According to state guidelines, counties will require no more than 10 positive cases per 100,000 residents in order to open to in-person instruction for children in grades 4-12, or up to 30 cases per 100,000 for younger students, with some exceptions.

However, regardless of how individual Oregon counties are doing as far as positive coronavirus cases, contact tracing and other factors go, there’s a requirement that the state’s test positivity rate be below 5% for three consecutive weeks.

Wildfires interfered with testing and thereby causing the suspension of that metric in September.

“I think we’ve got enough experience now to be able to look at the utility of that metric as an indicator of a broad level of coronavirus in the community generally and ask whether that statewide metric is indicative enough of disease that it should override local metrics,” Oregon Health Authority Director Patrick Allen said Tuesday.

“We’ll be looking at all the metrics, but I think that’s an example of the kind of thing we’ll be evaluating,” Allen added.

Brown and Allen also touched on the increase in Oregon’s coronavirus test capacity, explaining that state is expected to have 60,000 to 80,000 new rapid antigen tests each week through the end of this year which roughly doubles Oregon’s current testing capacity.

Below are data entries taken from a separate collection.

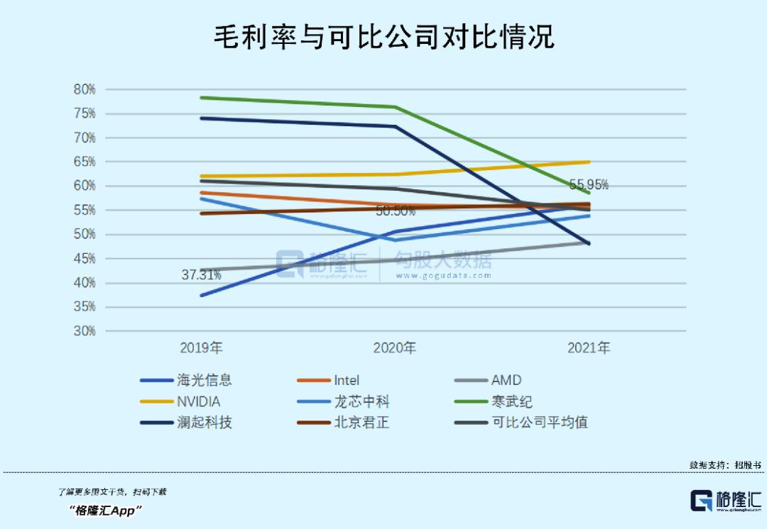 近三年海光信息的营收快速增长,2021年利润实现扭亏为盈,并弥补了历年累计亏损;同时毛利率逐年提升,目前已赶上可比公司的平均水平。
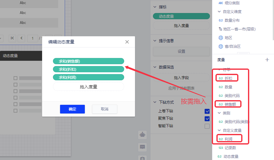 (3)在字段配置区选中“动态度量”,点击下拉菜单(也可右键呼出)后选择[编辑],将需要计算的度量依次拖入弹窗内,然后点击确定;
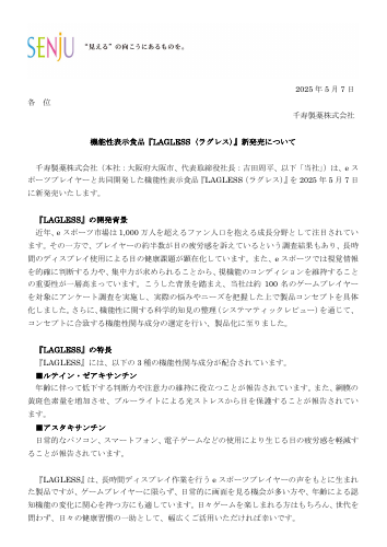 2025 年 5 月 7 日 各 位 千寿製薬株式会社 機能性表示食品『LAGLESS(ラグレス) 』新発売について 千寿製薬株式会社(本社:大阪府大阪市、代表取締役社長:吉田周平、以下「当社」 )は、e ス ポーツプレイヤーと共同開発した機能性表示食品 『LAGLESS (ラグレス) 』 を 2025 年 5 月 7 日 に新発売いたします。 『LAGLESS』の開発背景 近年、 e スポーツ市
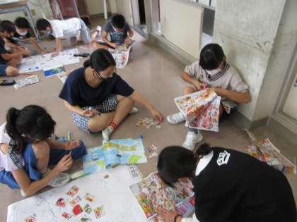 今日は、社会科の時間に持ち寄ったスーパーのチラシを見て産地を調べました。自分たちが食べている食材がいろいろな地方から届いていることに気付きました。
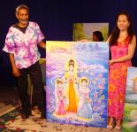 作为一名业余画家,夏琼芬提到她的绘画的能力是来自于天生的。在修炼法轮功之前,她的作画只是为了取悦大家而画。7年前开始修炼法轮功以后,作画风格有所改变,一种宁静,沉稳,愉悦的风貌,渐渐呈现在画布上。夏女士介绍道:“自从修炼法轮功以后,我认为自己从内心改变了。我开始感觉我的心变的非常纯净,安宁和舒服。我感觉要把它表达出来。特别是看人们炼功时。我能感觉到他们炼功时的平和舒适。当我开始画这副画时,(一位女孩伸展手臂炼功的画)我试着将那种感觉表现在这画面上,我真希望当人们看到这幅画时也能感到和平与舒适。”她随后说:“李洪志先生将这套功法传出已有12年了。5年前,中国政府规定禁止修炼法轮功。中国政府通过媒体制造谎言,当时有1亿多人修炼,很多修炼者遭到迫害。这是套性命双修的功法,刚才我所讲的是修身的部分,修心部分我们追寻的是宇宙真,善,忍特性来修。”在回答记者关于为什么江氏集团会采取镇压甚至是迫害的原因时,夏女士回答道:“我认为是因为有上亿的人炼这套功法,这一数目远远超过中共党员的人数。导致了中共政府[江泽民小集团]出于忌妒的镇压。其实呢,这套功法是告诉修炼者不要参与政治的。中共[头子江泽民]的镇压导致很多修炼者遭受迫害。近千人死亡,十多万人还被关押在劳改营里。” 本次采访结束后的第二天,即4月30日晚,五十万人口的夏乐市民看到了这个有关法轮功正面报道的节目。
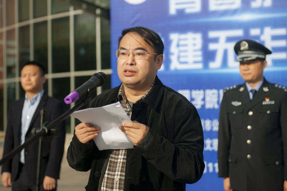 彭刚宣读《关于联合组织开展“青春护航·共建无诈校园”宣传防范活动的方案》,从活动内容、任务分工、工作要求等方面对方案作了解读说明。
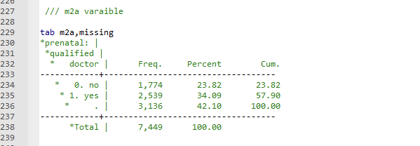 I am working with the child-recode file, where each row represents a child born. As I found mother's variable also in the same file, I am choosing to take variables like m2a from the same file. As I am using only merged variables (HR+KR), I was trying to create "prenatal_dr_visit" I am getting too many missing observations. Is there a way I can find out why so many were missed? Also, there is no m2a_1. Attached the tab m2a, missing.
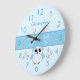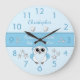 A cute owl clock for your baby boy's nursery or playroom, sprinkled with some silver stars and hearts and the words 'Dream Big, little One.' Just add his name.
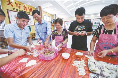 7月30日,在长兴县小浦镇合溪村文化礼堂,村民们和退伍军人一起包馄饨。 当日,浙江省长兴县小浦镇合溪村在村文化礼堂开展退伍军人联欢活动。来自长兴县中医院的医生们为该村退伍军人进行免费体检,合溪村的村民还与退伍军人一起包馄饨、品尝劳动成果,迎接“八一”建军节。 新华社发

The trajectory of new tests comes at a crucial time, as Allen said coronavirus cases have increased by 25% since August 31, with the average number of daily cases increasing from 220 to 285.

“Under our new guidelines, we’re not only recommending testing for everyone who has the symptoms of COVID-19, regardless of the severity of symptoms, we’re also recommending the testing of all close contacts of people who are infected regardless of whether or not a close contact has any symptoms,” Allen said.

As a plan, Oregon’s testing sites will be expanded for congregate-care facilities, the Oregon Department of Corrections, community testing locations, schools as well as other settings.